Study material ▸
◇ ◇ ◇

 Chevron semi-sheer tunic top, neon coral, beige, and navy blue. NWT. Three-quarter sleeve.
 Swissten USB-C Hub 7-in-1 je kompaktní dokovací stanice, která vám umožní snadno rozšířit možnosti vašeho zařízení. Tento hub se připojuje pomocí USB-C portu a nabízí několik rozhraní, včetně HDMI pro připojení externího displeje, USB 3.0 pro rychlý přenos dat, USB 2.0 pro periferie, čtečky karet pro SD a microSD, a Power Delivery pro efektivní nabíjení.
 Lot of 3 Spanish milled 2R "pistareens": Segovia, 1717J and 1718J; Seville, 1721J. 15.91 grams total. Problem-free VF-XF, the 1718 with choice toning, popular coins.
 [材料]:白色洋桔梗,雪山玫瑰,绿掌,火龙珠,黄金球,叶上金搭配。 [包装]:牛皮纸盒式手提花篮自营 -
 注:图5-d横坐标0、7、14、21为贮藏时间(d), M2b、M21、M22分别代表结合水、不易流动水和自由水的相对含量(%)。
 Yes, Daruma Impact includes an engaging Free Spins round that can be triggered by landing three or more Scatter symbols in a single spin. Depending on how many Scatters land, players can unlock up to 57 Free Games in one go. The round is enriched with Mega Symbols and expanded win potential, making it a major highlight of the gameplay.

◇ ◇ ◇

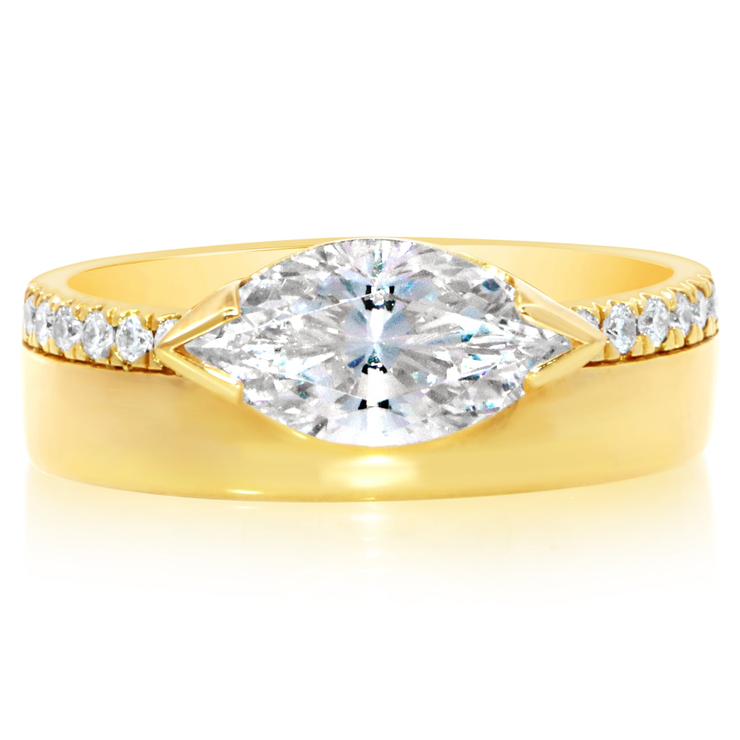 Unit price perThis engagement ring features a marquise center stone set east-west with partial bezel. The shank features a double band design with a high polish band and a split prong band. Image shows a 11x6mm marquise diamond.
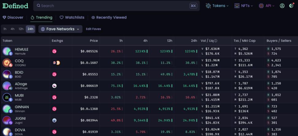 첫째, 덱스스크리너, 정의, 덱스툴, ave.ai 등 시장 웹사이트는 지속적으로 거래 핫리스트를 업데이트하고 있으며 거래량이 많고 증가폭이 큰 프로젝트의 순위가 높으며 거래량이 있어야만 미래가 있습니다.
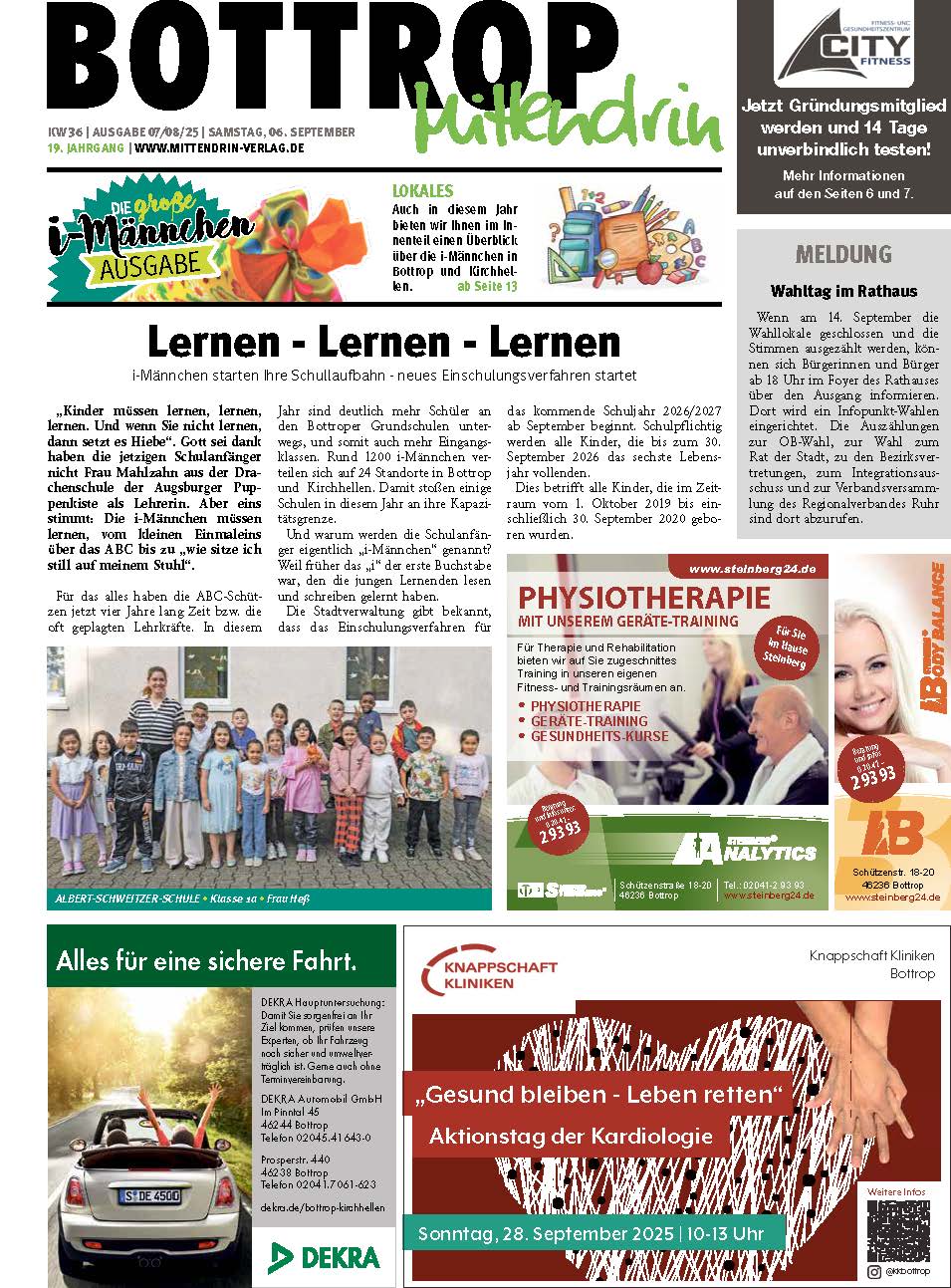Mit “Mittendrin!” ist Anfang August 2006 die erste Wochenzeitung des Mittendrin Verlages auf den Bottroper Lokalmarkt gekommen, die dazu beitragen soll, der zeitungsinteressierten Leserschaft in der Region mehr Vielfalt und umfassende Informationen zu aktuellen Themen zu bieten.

◇ ◇ ◇

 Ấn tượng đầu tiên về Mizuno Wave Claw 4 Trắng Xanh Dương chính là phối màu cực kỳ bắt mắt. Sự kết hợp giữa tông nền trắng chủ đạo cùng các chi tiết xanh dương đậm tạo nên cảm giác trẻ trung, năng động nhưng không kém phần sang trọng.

◇ ◇ ◇

Exercise description ▸ In the listing above, find the line with "Chevron semi-sheer tunic" and the line with "注:图5-d横坐标0、7、1", then reproduce both and every line between them exactly.

Response to the exercise ▸
 Chevron semi-sheer tunic top, neon coral, beige, and navy blue. NWT. Three-quarter sleeve.
 Swissten USB-C Hub 7-in-1 je kompaktní dokovací stanice, která vám umožní snadno rozšířit možnosti vašeho zařízení. Tento hub se připojuje pomocí USB-C portu a nabízí několik rozhraní, včetně HDMI pro připojení externího displeje, USB 3.0 pro rychlý přenos dat, USB 2.0 pro periferie, čtečky karet pro SD a microSD, a Power Delivery pro efektivní nabíjení.
 Lot of 3 Spanish milled 2R "pistareens": Segovia, 1717J and 1718J; Seville, 1721J. 15.91 grams total. Problem-free VF-XF, the 1718 with choice toning, popular coins.
 [材料]:白色洋桔梗,雪山玫瑰,绿掌,火龙珠,黄金球,叶上金搭配。 [包装]:牛皮纸盒式手提花篮自营 -
 注:图5-d横坐标0、7、14、21为贮藏时间(d), M2b、M21、M22分别代表结合水、不易流动水和自由水的相对含量(%)。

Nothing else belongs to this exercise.